Rant over, she staggered to the bridge and fell into the nearest chair. She leant her head back and let her eyes close, feeling the quiet static hum of the stabilisers pull her down, down into the softness. Oh, it was nice to just stop. What was she trying to prove, anyway? That she could outrun whatever it was out there? Like goddamn hell she could, like any of them could. Rag-tag bunch of misfits, law breakers, murderers, cast out and running out of favours, the lot of them. 

Slowly, Agnes opened her eyes. She looked up, to where Rios was hovering. “What?”

“I kind of need to sit there.”

“Ooh, that’s why this thing is so comfy. Perfect ergonomics for piloting, right?”

She didn’t move. The adrenaline was still pulsing through her from before, but slowing now. She met his eyes instead, let her gaze flitter down. His hands were set lightly at his hips like a teapot, one hip jutted out a little in that way he liked to stand, his fussy attempt at casual not-caring in the form of a person who she was beginning to understand cared entirely too much. That soft navy sweater was thinning at the elbows; she imagined it had been pulled and worn and washed many times. What sort of odd, solitary life had he and his holograms led before she’d barrelled in on the retired admiral’s coattails, Agnes wondered. 

Rios half sighed and folded his arms. He was waiting for her to act, she realised. She could almost see the push-pull inside his head, the duelling thoughts as he fought with how best to counter her, which from to take on Agnes and this flash of playful insolence. Would it be as the introverted oddity, the Rios with eyes cast away in tired acceptance the first time she’d beamed aboard, when she’d been so carelessly bright in the bustle of a new adventure. Would it be the later, softer kindness of when she’d gotten to know him, a hand pulling her up and away gently, mindful of the work needed to be done, the ship and its cargo and crew in his care.

Or maybe it would be the Rios whose room she slipped into every second night, whose hand she held sometimes under the corner table in the mess, when she naively wondered if Raffi or any of the others noticed, or cared, or if they knew her better than she blushed to think; how if she braved to ask they would tell her that these things happen, that people drift into each other’s wake out here and oftentimes come stuck, happily and without fanfare. How it just was.

Agnes reached up and Rios took her outstretched hands and she let him tug her to her feet. “Something like that,” he said.

She pulled her fingers through his, taking care as she stood not to touch anywhere else. She looked at their hands and felt his eyes on the crown of her head, and wrinkled her mouth into a shape that was partly grossed out at the sweaty hairs plastered to her forehead, and partly relieved at the chasteness of this interaction. She would like to think that she was capable of a blinding hot romance, intense and heavy fuelled as a nova star, were she anyone else, were Rios anyone else, were they both not tired and a little bit fed up with the ills of the galaxy. 
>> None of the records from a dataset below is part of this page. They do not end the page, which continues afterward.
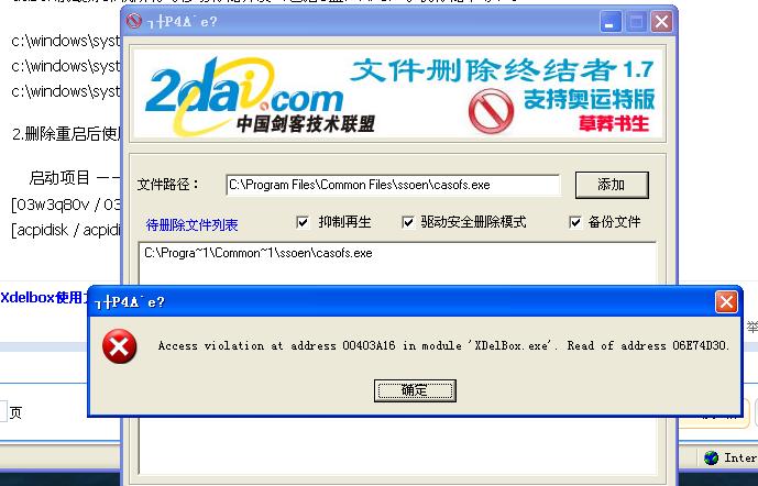 从剪贴板导入不检查路径,导入后在要删除文件上点击右键,选择立刻重启删除,电脑会重启进入DOS界面进行删除操作。运行xdelbox前最好卸载所有可移动存储介质(包括U盘,MP3,手机存储卡等)。
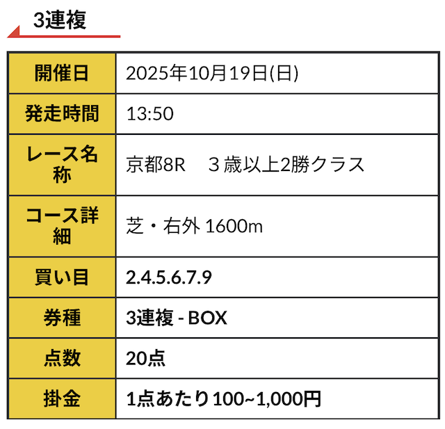 ワイド・馬連・3連複の買い目を公開!
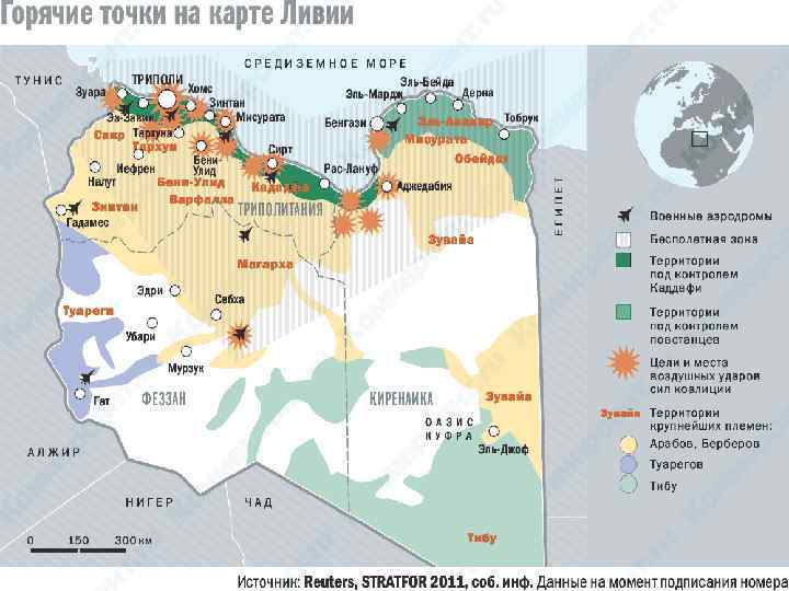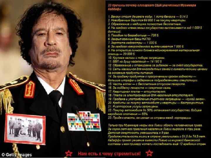 • В начале 2011 года в ряде стран на ближнем востоке произошли революции, которые назвали «арабской весной» . После Туниса и Египта волна протестов докатилась и до Ливии. • Мятежники действовали из Бенгази. Там произошли массовые выступления, которые распространились по всей стране. Повстанцев поддержали НАТО и Совбез ООН. В августе им удалось взять Триполи. • 20 октября 2011 года они заявили о взятии родного города Каддафи, Сирта, и смерти самого полковника.
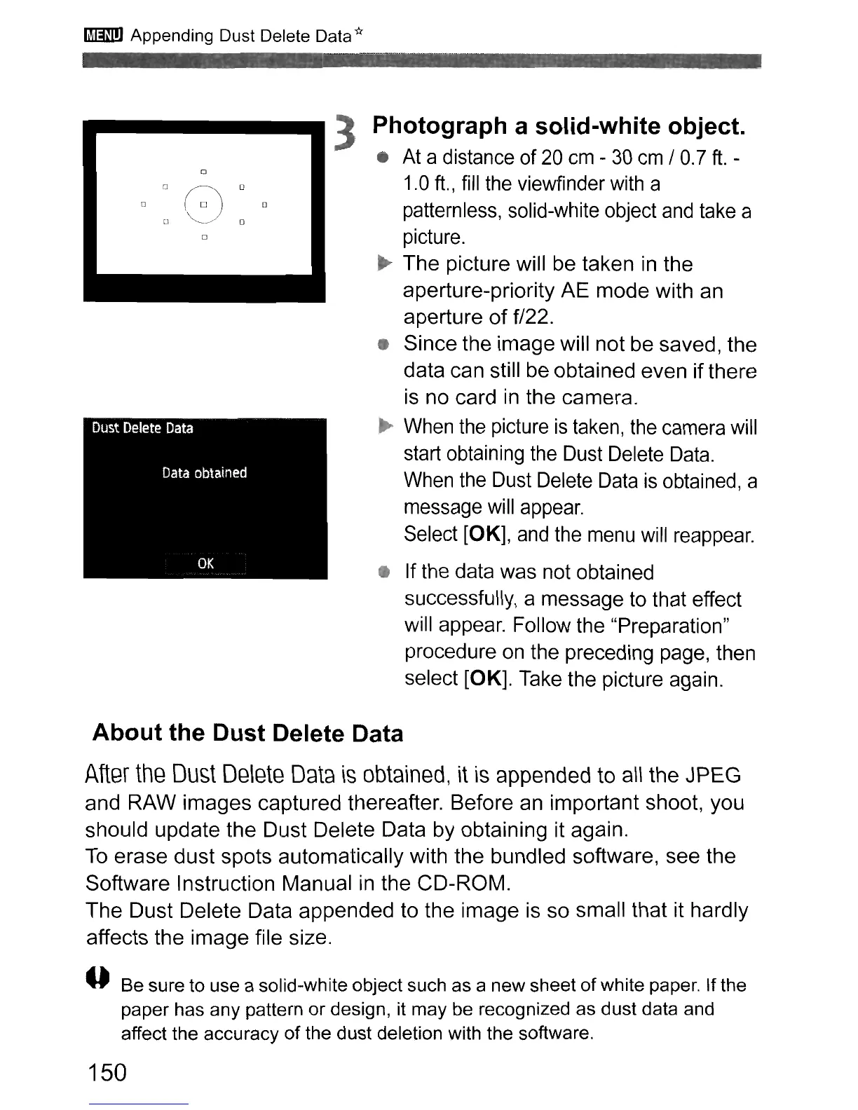 The Dust Delete Data appended to the image is so small that it hardly
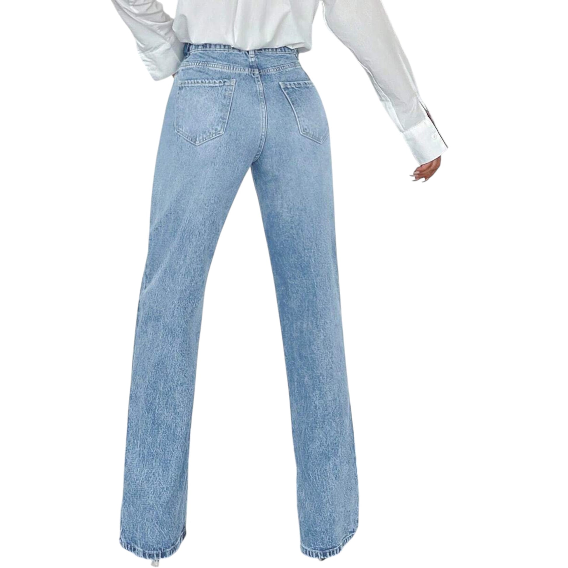 Címke nélküli, világoskék, magas derekú, egyenes szárú, alján felvágott farmer nadrág.
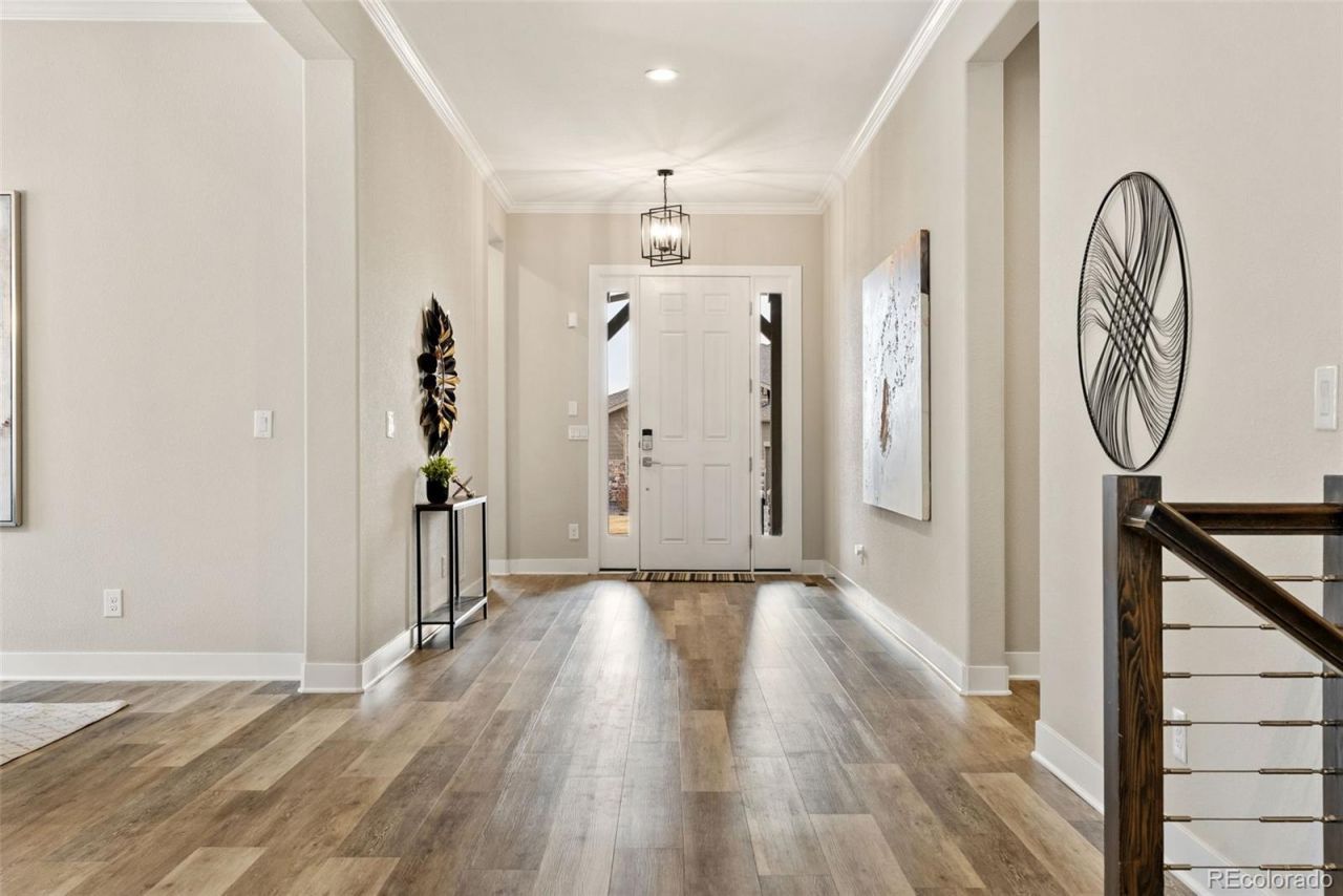 Welcome to 27620 Lakeview Drive ? a thoughtfully upgraded 6 bedroom, 5 bathroom home in Southshore with a layout designed for comfortable living and easy entertaining. Two front bedrooms greet you as you enter, one framing a peaceful lake view youll never get tired of. A formal dining room flows into the kitchen through a spacious butlers pantry, making entertaining feel effortless. The kitchen delivers ? quartz countertops, tile backsplash, gas cooktop, wall oven and microwave, a large center island, breakfast nook and an oversized walk-in pantry. The bright living room with a gas fireplace sits just off the kitchen. The main level includes a home office with a half bath and the primary suite. The primary suite is a genuine retreat with plantation shutters, an upgraded five-piece bath featuring a walk-in shower with built-in seat and freestanding soaking tub, and a custom California Closet system that connects directly to the laundry room ? because someone who does laundry every day designed this house. The basement alone is worth the visit ? large second living room, three bedrooms with egress windows, two with walk-in closets, a ¾ bath with double sinks, wet bar, home theater area with its own half bath, and a flex space for a gym or office. Brand new carpeting has been installed throughout. Other features: whole-house humidifier, whole-house fan, tankless water heater, reverse osmosis system, water softener, extended three-car garage with EV charger and owned solar panels paid off at closing. The kayaks and bikes stay ? and with Aurora Reservoir just across the street, youll put them to good use. Step outside to a lake view front patio, covered back patio with automatic blinds, xeriscaped yard with artificial turf, raised garden beds with drip irrigation, and jelly lights front and back. Southshore is a community that earns its reputation ? two pools, two community centers, and two fitness centers. Oh, and the sellers are covering your first year of HOA dues!
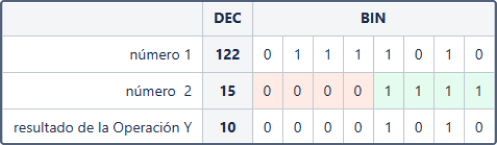 Por ejemplo, el resultado de la Operación Y entre los números 122 y 15 tendrá el siguiente aspecto:

That would be an awful cliche, she thought. Not that they weren’t edging towards one of a sorts already. 

“Okay,” she said, stepping back. There was enough heat still in the air and in the way his eyes slipped just a small ways down her body, that the temptation of doing something just a little burning, just a little sweet and fast to be witnessed by the expanse out there and an entirely empty bridge in here, had her turning tail and double-timing it back to the stairs like a woman in need of... well, something. An awful, awful cliche indeed.
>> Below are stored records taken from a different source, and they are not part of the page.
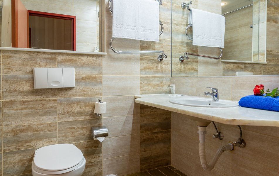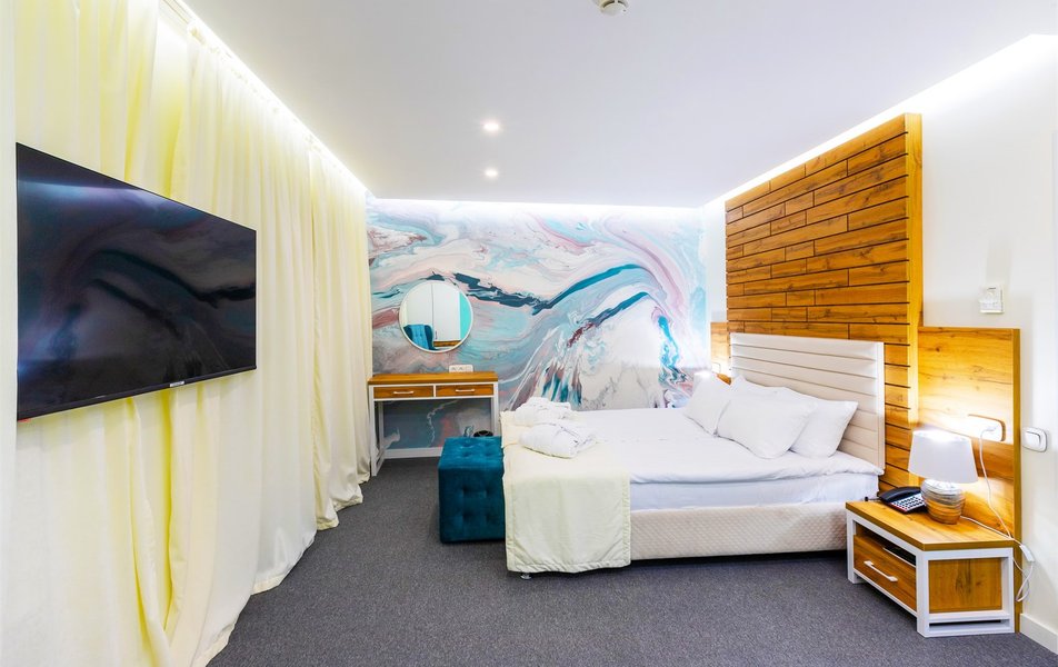 Люкс 2-местный 2-комнатный Количество комнат: 2-комнатный Тип номера: Люкс Дополнительное место: диван Кол-во доп. мест: 1 Кол-во основных мест: 2 Корпус: Молния Площадь (кв. м): 57 Мебель: вешалка, диван, зеркало, кресло, кровать двуспальная, прикроватные тумбочки, столик журнальный, столик туалетный, тумба под телевизор, шкаф Оборудование: сейф, сплит-система, телевизор, телефон, чайная станция Санузел: с ванной, тапочки, туалетные принадлежности, фен, халат Сервис: Wi-Fi бесплатно, мини-бар, смена полотенец, смена постельного белья, уборка номера, услуги международной телефонной связи Терраса: оборудована мебелью
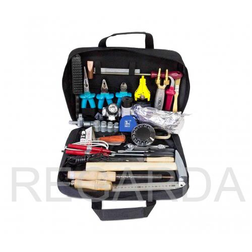 Набор включает в себя 38 предметов и состоит из изолированных плоскогубцев, кусачек и длинногубцев, отверток, пресс-клещей, кабельных ножей, ножовки по металлу, рожковых ключей, торцевых головок, газовой горелки и рукава высокого давления.
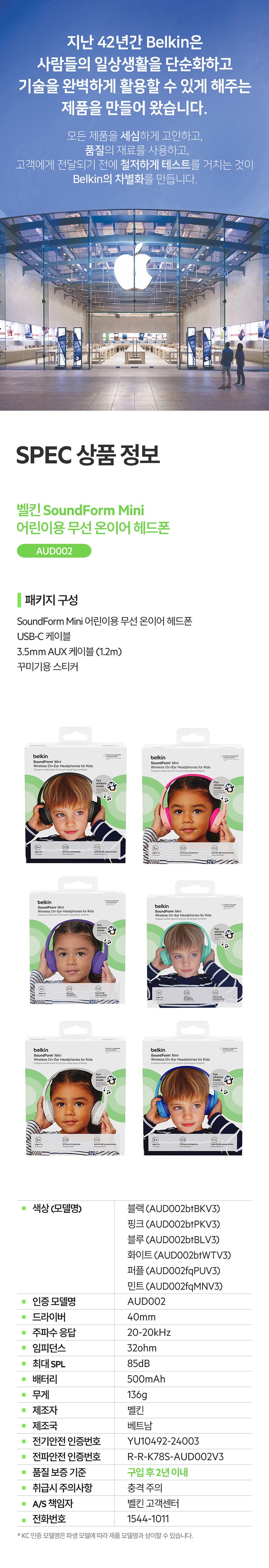 | 품명 및 모델명 | 벨킨 사운드폼 미니 어린이용 무선 온이어 C타입 충전 헤드폰 블랙 AUD002btBKV3 / AUD002 V3 (AUD002) | KC 인증정보 | 본품: R-R-K7S-AUD002V3, 유/KC마크 // 전지: YU10492-24003 / 스티커: CB061R6603-1001 |

She was halfway down and safely out of sight when she heard him call out, softly and with a grin, “Run safe,” and without thinking Agnes spun against the rail and stuck a middle finger in the air. 

“Try and catch me next time,” she shot back, laughing.
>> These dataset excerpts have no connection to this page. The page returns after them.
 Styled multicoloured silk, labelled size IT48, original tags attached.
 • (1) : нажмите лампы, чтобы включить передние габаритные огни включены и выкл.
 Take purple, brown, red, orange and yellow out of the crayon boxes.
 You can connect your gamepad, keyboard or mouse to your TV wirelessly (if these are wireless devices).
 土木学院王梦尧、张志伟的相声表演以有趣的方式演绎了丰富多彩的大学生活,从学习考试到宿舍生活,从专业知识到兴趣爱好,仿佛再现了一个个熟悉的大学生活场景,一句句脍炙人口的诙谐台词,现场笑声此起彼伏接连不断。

When she turned around she found Raffi standing by the replicators, coffee cup in hand, whose half awake expression bore a look as if Agnes had done little else but grow twin heads. 

“Look at you, running round the place as chirpy as shit. What’s your secret?”

Agnes shrugged gamely, fanning herself as if to make a charade out of it, before she noticed the glint in Raffi’s eyes and the smirk she hid in her coffee, and decided it was best to say nothing.